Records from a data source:

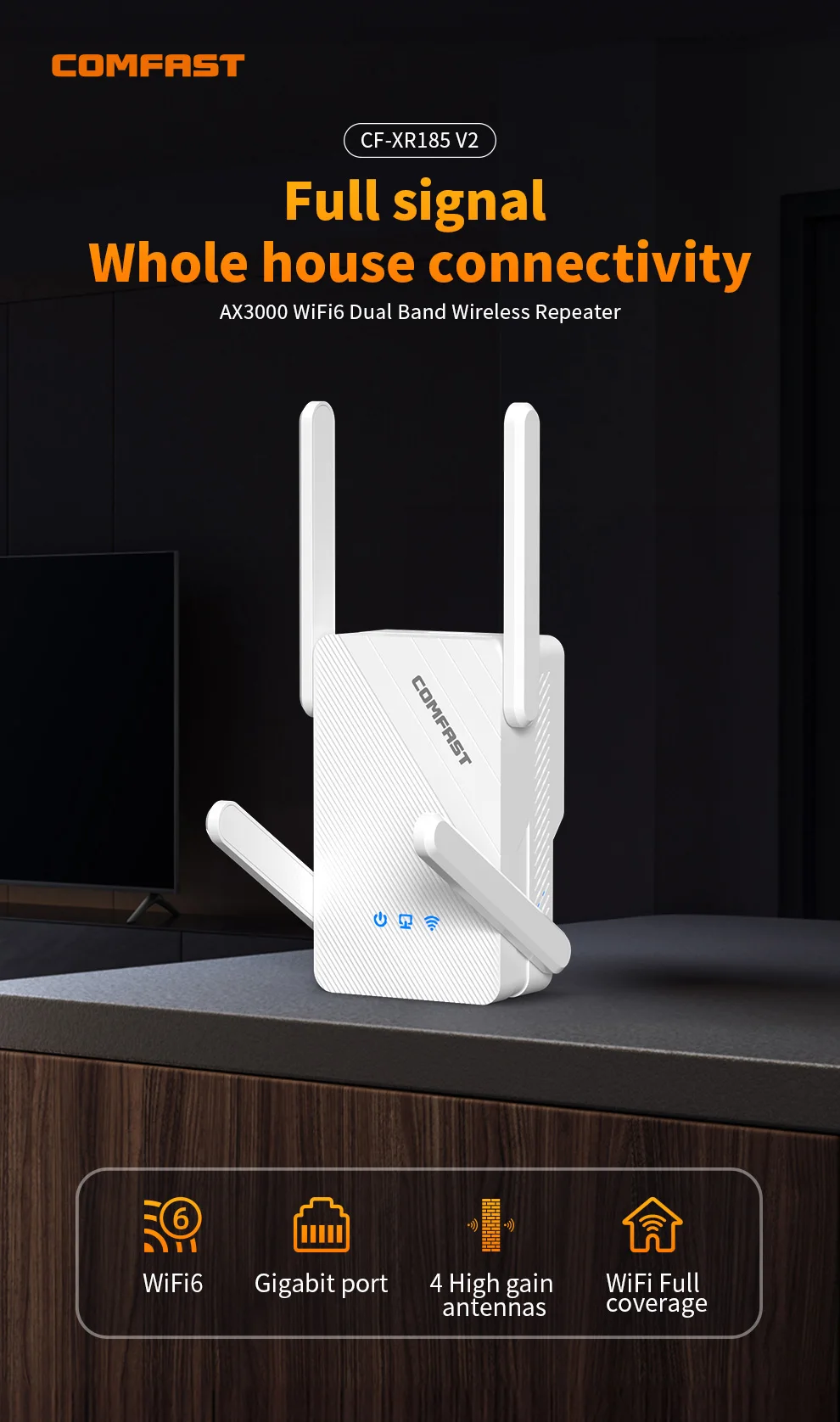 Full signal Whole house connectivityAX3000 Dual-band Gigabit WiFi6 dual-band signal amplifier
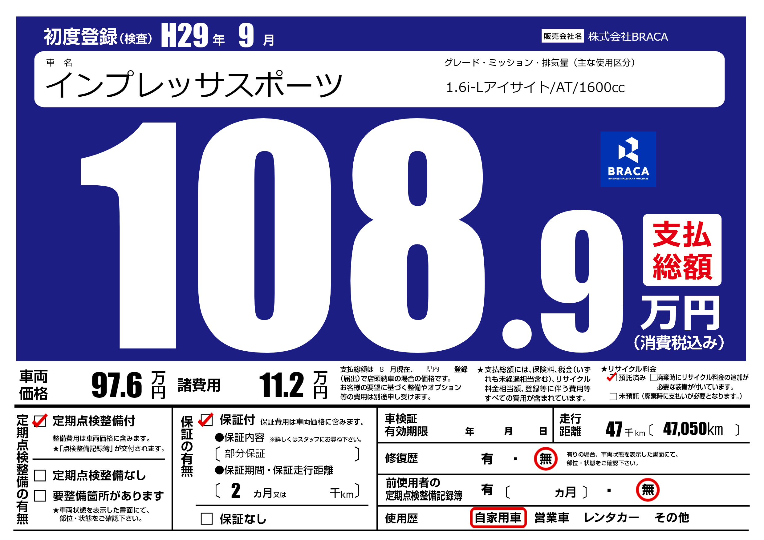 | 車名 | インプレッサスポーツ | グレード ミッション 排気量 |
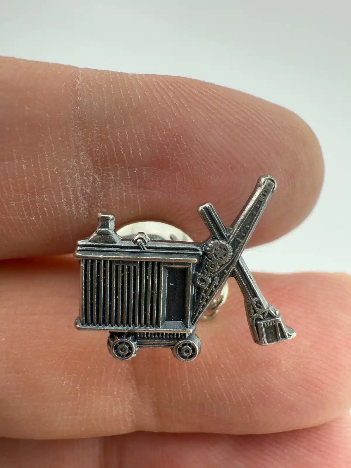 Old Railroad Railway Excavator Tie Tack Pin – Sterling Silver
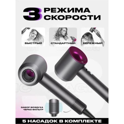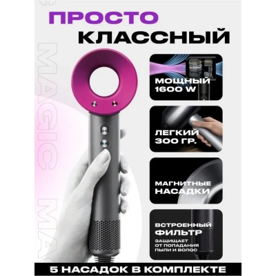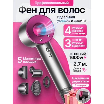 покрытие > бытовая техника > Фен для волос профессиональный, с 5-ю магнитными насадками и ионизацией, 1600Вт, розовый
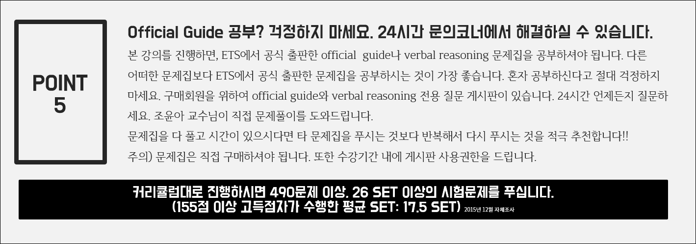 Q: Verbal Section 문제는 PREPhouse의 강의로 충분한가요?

**What the task requires**.
Restate each entry word for word. Omit every picture.

**Response for this exercise**.
 Full signal Whole house connectivityAX3000 Dual-band Gigabit WiFi6 dual-band signal amplifier
 | 車名 | インプレッサスポーツ | グレード ミッション 排気量 |
 Old Railroad Railway Excavator Tie Tack Pin – Sterling Silver
 покрытие > бытовая техника > Фен для волос профессиональный, с 5-ю магнитными насадками и ионизацией, 1600Вт, розовый
 Q: Verbal Section 문제는 PREPhouse의 강의로 충분한가요?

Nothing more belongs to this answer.